(Data items)
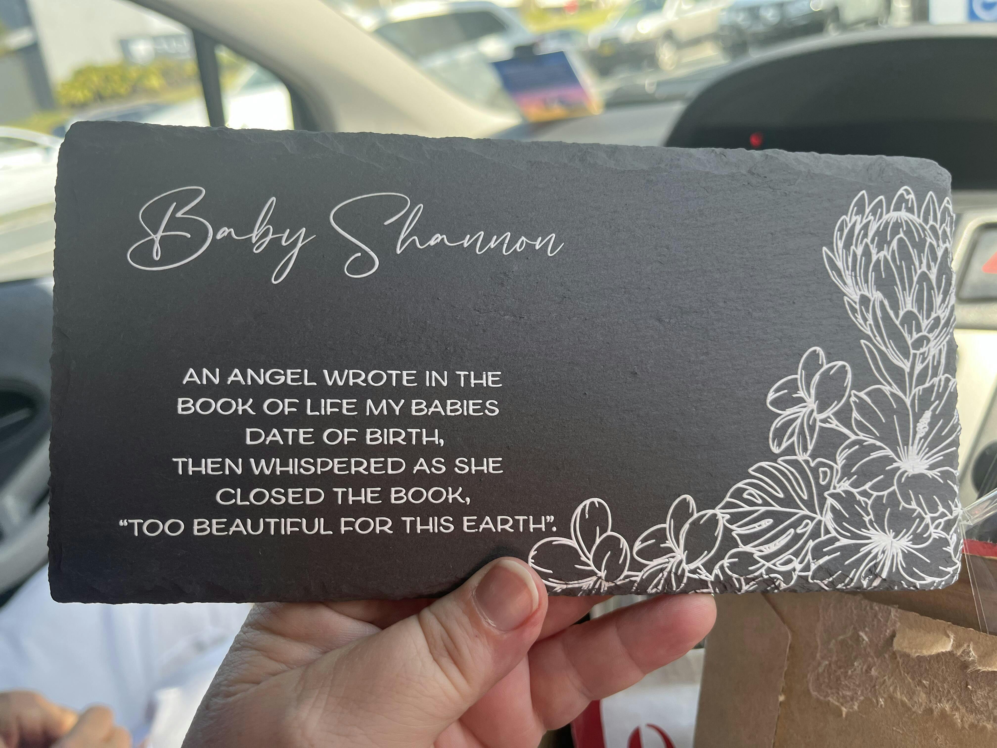 Measuring 10 x 20cm and made from genuine slate with hand-chipped edges, each plaque is unique — just like the love it represents.
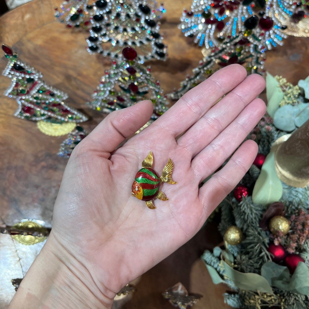 Gold brooch with enamel – fish
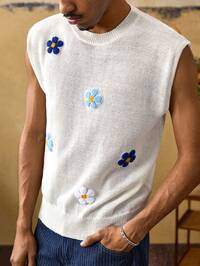 Jersey de punto casual de verano con decoración floral 3D para hombres
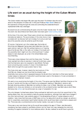 The Cuban missile crisis began fifty years ago this week. For thirteen days the world stood on the precipice of nuclear war. In this post Professor Wyn Grant reflects on the experience of living through the crisis and confronting the existential threat it represented while only a teenager.
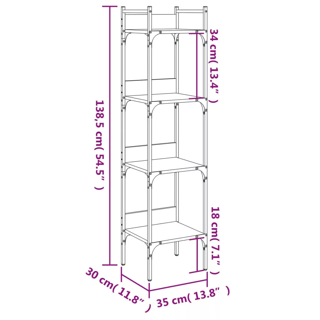 5 szintes füstös tölgy szerelt fa könyvespolc 35x30x138,5 cm
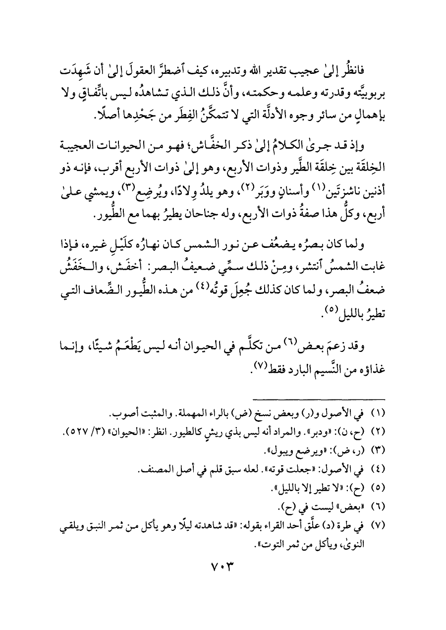 وإذ قد جرى الكلامُ إلى ذكر الخفَّاش؛ فهو من الحيوانات العجيبة الخِلقَة بين خِلقَة الطَّير وذوات الأربع، وهو إلى ذوات الأربع أقرب، فإنه ذو أذنين ناشزتَين (¬١) وأسنانٍ ووَبَر (¬٢)، وهو يلدُ وِلادًا، ويُرضِع (¬٣)، ويمشي على أربع، وكلُّ هذا صفةُ ذوات الأربع، وله جناحان يطيرُ بهما مع الطُّيور.
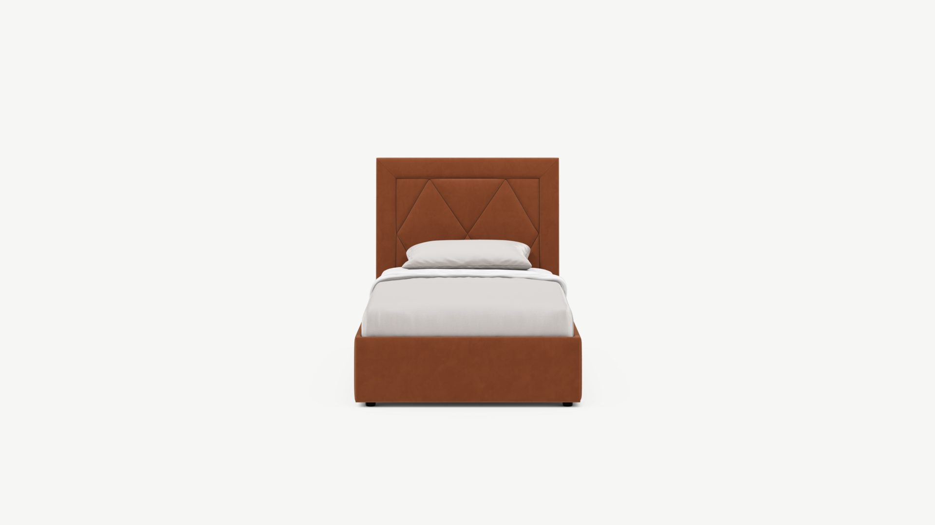 Фактура обивочного материала подбирается дизайнерами с учетом технологических и стилевых особенностей кровати.
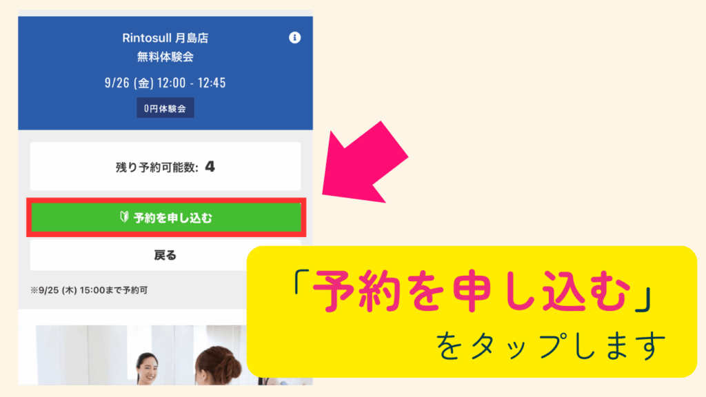 リントスルの体験会へはウエブから簡単に申し込みができます。
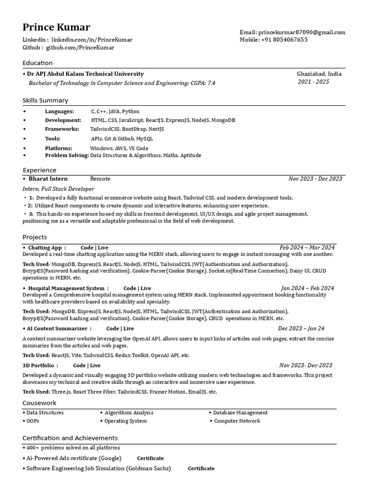 Linkedin : [Link]/in/PrinceKumar Mobile: +91 8054067655
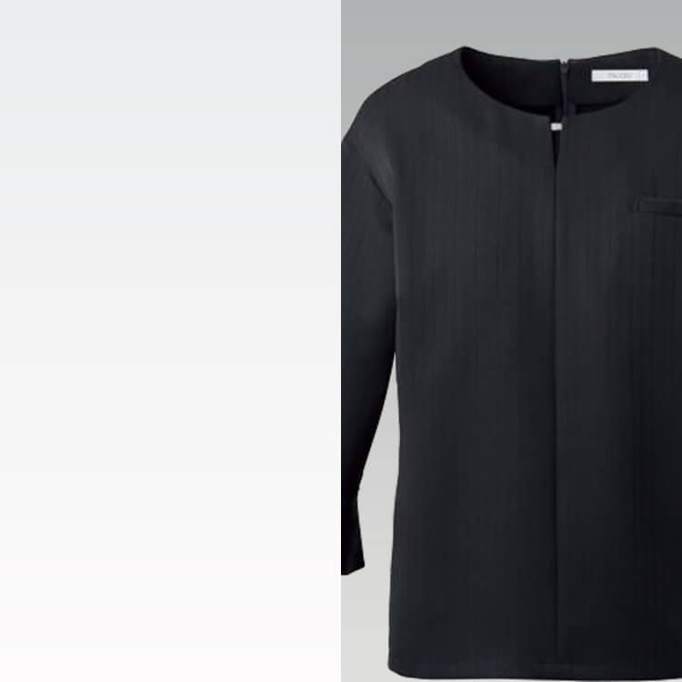 上品な光沢が華やかさを演出する七分袖のプルオーバー。スカートとセットアップすればワンピースのような一体感あるコーディネートも可能です。タテヨコに伸びる2WAYストレッチ素材を採用し、吸汗速乾、抗菌防臭の快適な制服。販売接客業、企業受付業務にもうれしい実用的な機能充実の事務服プルオーバーです。
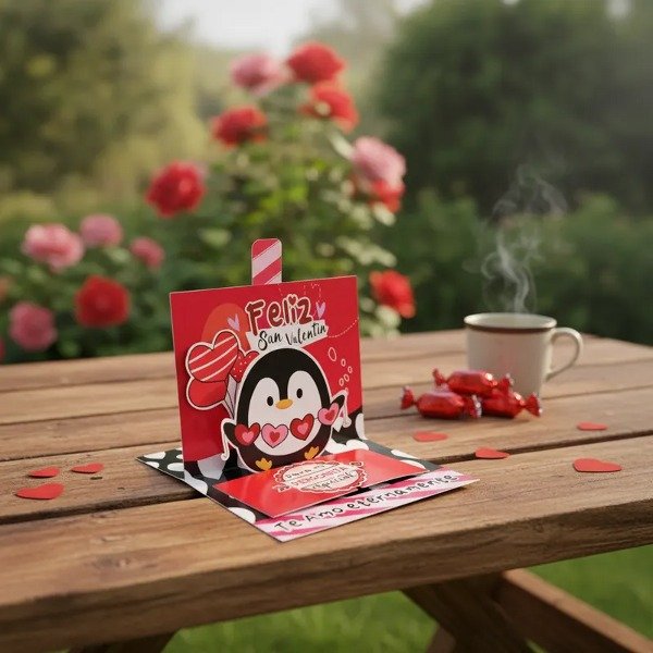 NO ES EDITABLE. EN formato PDF tamaño A4 ocupa 2 hojas la tarjeta y una tercera con tus fotos- Podes no imprimir fotos y escribir una dedicatoria

Your goal —
Take the lines from the one holding "上品な光沢が華やかさを演出す" through the final line of the records above and output them exactly, both ends included, excluding pictures.

Written solution —
 上品な光沢が華やかさを演出する七分袖のプルオーバー。スカートとセットアップすればワンピースのような一体感あるコーディネートも可能です。タテヨコに伸びる2WAYストレッチ素材を採用し、吸汗速乾、抗菌防臭の快適な制服。販売接客業、企業受付業務にもうれしい実用的な機能充実の事務服プルオーバーです。
 NO ES EDITABLE. EN formato PDF tamaño A4 ocupa 2 hojas la tarjeta y una tercera con tus fotos- Podes no imprimir fotos y escribir una dedicatoria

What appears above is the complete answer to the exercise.